By following the second storyline, readers feel the emotional ache of third-grader Jin Wang manifested through the pages. After departing from San Francisco’s Chinatown with the intellectual parents, Jin finds himself at a suburban Mayflower Elementary School, where he is perpetually taunted by classmates because of his ethnicity. He eventually befriends two other Asian students as he ages, Wei-Chen, a Taiwanese male immigrant, and Suzy Nakamura, Wei-Chen’s seventh-grade girlfriend. When Jin develops sheltered ardor for peer Amelia Harris, he believes his Chinese heritage inferiorly factors into his chances with his crush.

Certainly the most unique selection on a book store’s shelf, “American Born Chinese” is a fresh sight for the eyes: one is bombarded by the colors and truths. Yang’s representation of cousin Chin-Kee is especially crucial to the novel’s overall effect. Every third chapter this character emerges, emphasizing his stereotypically Asian shortcomings with every action. His attempted English vernacular is riddled with mispronunciations: every letter “r” in his spoken words is replaced with the letter “l”.

At the lunch table beside his incredibly humiliated cousin Danny, he heats a Chinese food container overflowing with “clispy flied cat gizzards wiff noodle (crispy fried cat gizzards with noodles). Here, author Yang intended to emphasize the typecast that Chinese food contains mysteriously revolting and superfluous ingredients, but his quote s not entirely his own, either. After reading a political comic strip by an American cartoonist in 2001, according to a news entry on his Web site, Yang was outraged by the slandered depiction of an Asian waiter who served the comic strips main character the same feline dish. The construction and placement of Chin-Kee in “American Born Chinese” is Yang’s defiant rebuttal to all Asian stereotypes. He even states in the news entry, referring to cousin Chin-Kee, “I yanked him, every last detail of him, straight out of American pop culture.”

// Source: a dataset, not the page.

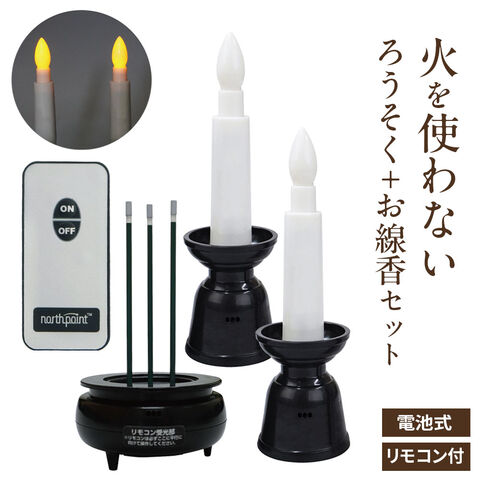 LED ろうそく リモコン式安心LEDローソク+線香セット 黒 FIN-1024BK | 電池式 リモコン 火を使わない 電気 ロウソク 仏具 仏壇 電気ろうそく リモコン付き 自動消灯 電気線香 安心 電球 電子線香 匂い なし 蝋燭
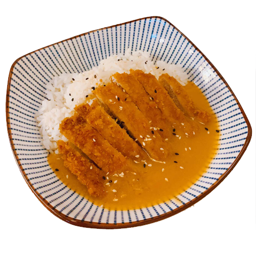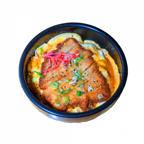 Es un plato japonés muy popular, consistente en un cuenco de arroz cubierto con una chuleta de cerdo rebozada (tonkatsu), huevo revuelto y condimentos.

Yang impacts readers with a hard blow to the entire body, encouraging them to analyze the colossal effects that cultural stereotypes and ethnic isolation have on society and its people. His deft attention to his work was rewarded after “American Born Chinese” became a National Book Award Finalist and won the prestigious Michael L. Printz Award in Young Adult Literature, issued by the American Library Association. The silver and gold seals imprinted on the latest editions of the graphic novel are sincere proof of the author’s brilliance.

This artfully depicted graphic novel is a swift yet enlightening read. A message is in store for those who absorb Yang’s mesmerizing words and pictures: A person must not succumb to a label of one’s self or heritage imposed by classmates, another culture, or even oneself.